Mason is a woman of infinite variety. Her brushstrokes can melt into each other, shimmer, go flat, the color deepens, becomes sonorous yet in other places, it is whispery, translucent. Mason says she never likes to use white paint, preferring to let the white of the primed canvas show through for glow. The exterior light is also important and affects her painting; there is summer light and summer painting and winter light and winter painting, like Northern and Southern schools reconciled in one artist, The surface texture can be velvety or sleek, and the paint can transform itself at times into metal, glinting gold or copper. A yellow line, for instance, in one painting appears bright gold, an illusion created by its interaction with the colors in its vicinity. Mason does use gold but infrequently, content with the alchemy of paint itself.
Her sense of color is assured, in exuberant, innovative, often denatured combinations. Her reds are remarkable—a whole range from warm to cool, light to dark. One painting is flooded with red, balanced by pinks and magentas, cooled by a touch of unnatural green while another thrust of red is tipped by yellow, like the point of an arrow, surrounded by swirling streaks of purple. Another is mainly yellows and oranges and blends of yellow-orange, cut through by a flash of bright turquoise paired by a darker scrap of turquoise.
Her primaries are more Miami than Neo-Plastic: purple instead of blue, orange instead of red, gold instead of yellow. Her complementaries are reds that shift into rosy pinks, magentas and greens that veer toward lime and acquamarine. Purple and yellows are also frequent combinations but in a wide range of tones and complex relationships. Mason learned early that context is paramount and that colors influence each other in so many ways, such as hue, tonality, temperature, mood.

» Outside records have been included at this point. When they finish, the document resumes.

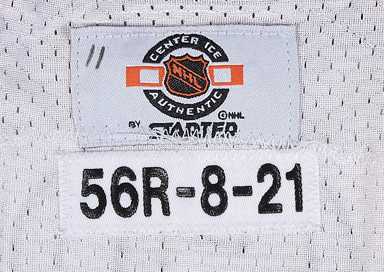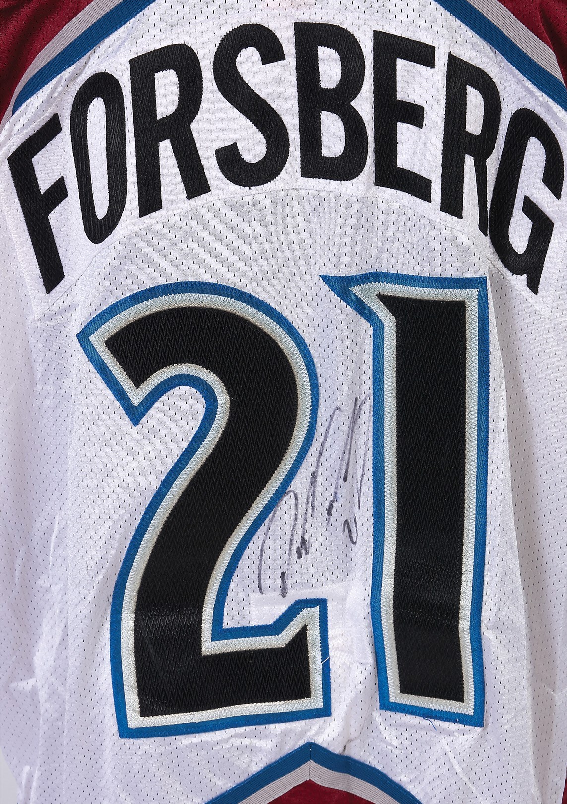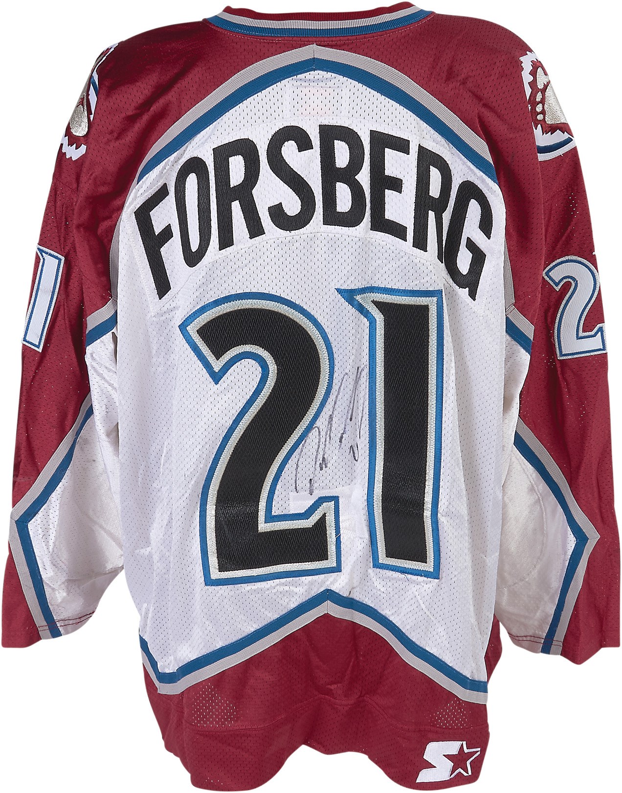 Known for his elite combination of skill and physical play, Peter Forsberg almost single-handedly redefined the "European" style of hockey, making him an easy Hall of Fame choice. This all-original home white jersey was game-worn by Forsberg in the 1998-99 season and has been photo-matched to March 20th, 1999 when the Avalanche tied the Blackhawks 5-5. In this game Forsberg had an assist. Shows heavy use with plenty of stick marks, paint transfers, pulls and a few small rips and burns. Starter tag is in the collar with 56R-8-21 strip tag below, "II" on Starter tag (indicating set 2). The Swedish legend's number "21" is on back and sleeves, with "FORSBERG" sewn on a plate on the back and also signed on the back in 7/10 black Sharpie. Starter and NHL logos are embroidered on the maroon tail, fight strap is present and intact. Forsberg had 30 goals in that All-Star season and two years later, he helped the Avalanche win their second Stanley Cup title. Comes with LOA from MeiGrey Group and has been photo-matched.
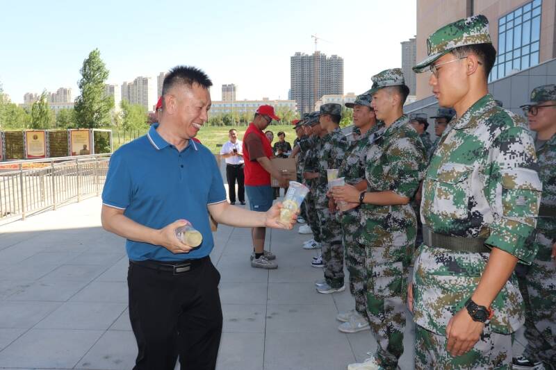 “能喝到蜜雪冰城的冰鲜柠檬水很惊喜,是我们年轻人喜欢的,好喝又解暑。本来都快热‘蔫儿’了,军训休息期间喝上一口,立马又精神起来,公司为我们考虑的很周到。”新员工李亚丹说。
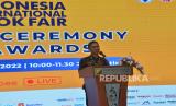 Ketua Umum Ikatan Penerbit Indonesia (Ikapi) Arys Hilman Nugraha memberikan sambutan pada pameran Indonesia International Book Fair (IIBF) 2022 di JCC, Senayan, Jakarta, Rabu (9/11/2022). Pemeran IIBF 2022 yang berlangsung 9-13 November 2022 tersebut diikuti oleh 134 peserta dari dalam dan luar negeri dengan target jumlah pengunjung 25 ribu orang. Pameran IIBF 2022 juga menghadirkan zona kakap dimana buku-buku menarik dijual dengan diskon hingga 80 persen. Republika/Prayogi. (FOTO : Republika/Prayogi)
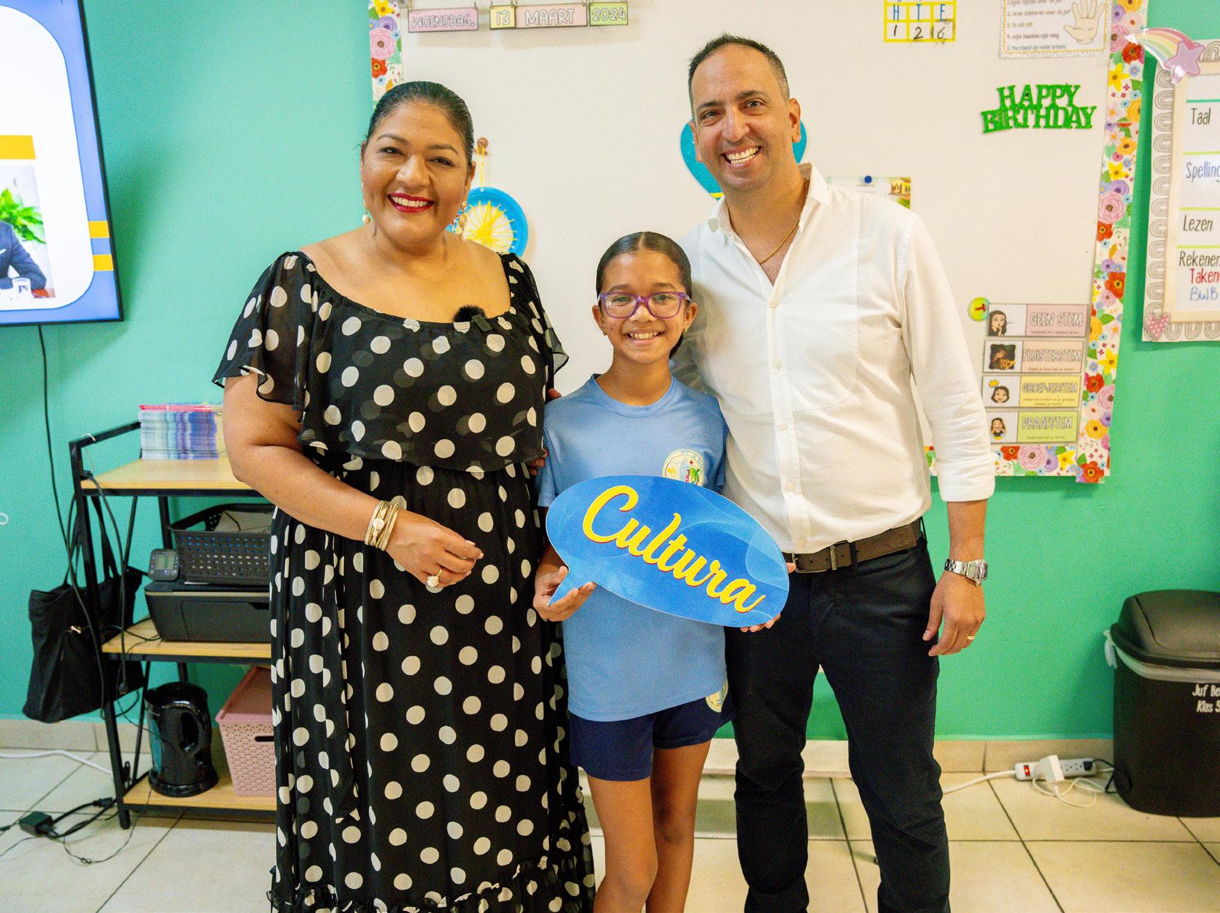 En conexion cu e celebracion di nos dia nacional, nos Himno y Bandera, Minister Xiomara Maduro a bishita Colegio Felipe B. Tromp y St. Annaschool. E biaha aki, den compania di Minister Dangui Oduber cu a compañ'e den e bishitanan den e bario di Noord.
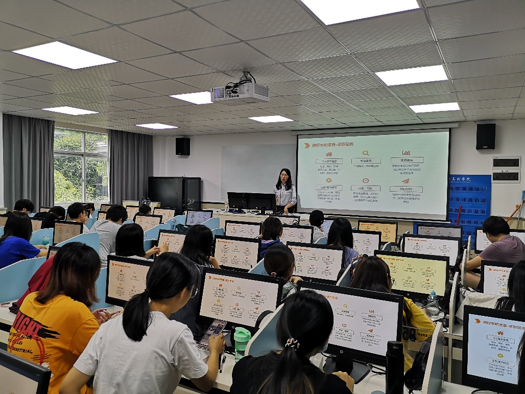 课堂上,她首先分析了目前大学生的就业形势,并建议同学们树立正确的就业观;其次从企业的角度讲讲就业的有关准备;最后,结合自己的企业经历告诉同学们一些实用的面试技巧。

As for content, they may or may not be abstractions of landscapes, of imagined aerial views, oceanic depths or tropical gardens. Mason says they have a relationship to place but are not meant to be landscape. However, if landscape creeps in afterwards, she can accept that; she believes in nature. Be that as it may and whatever else they might be, Mason's paintings are first and foremost an art of sensation. Based on vision, they are a joyous and triumphant affirmation of color and of painting itself, the once and future medium.
Mason passed away on 10 December 2019, the birthdate of her namesake, Emily Dickinson.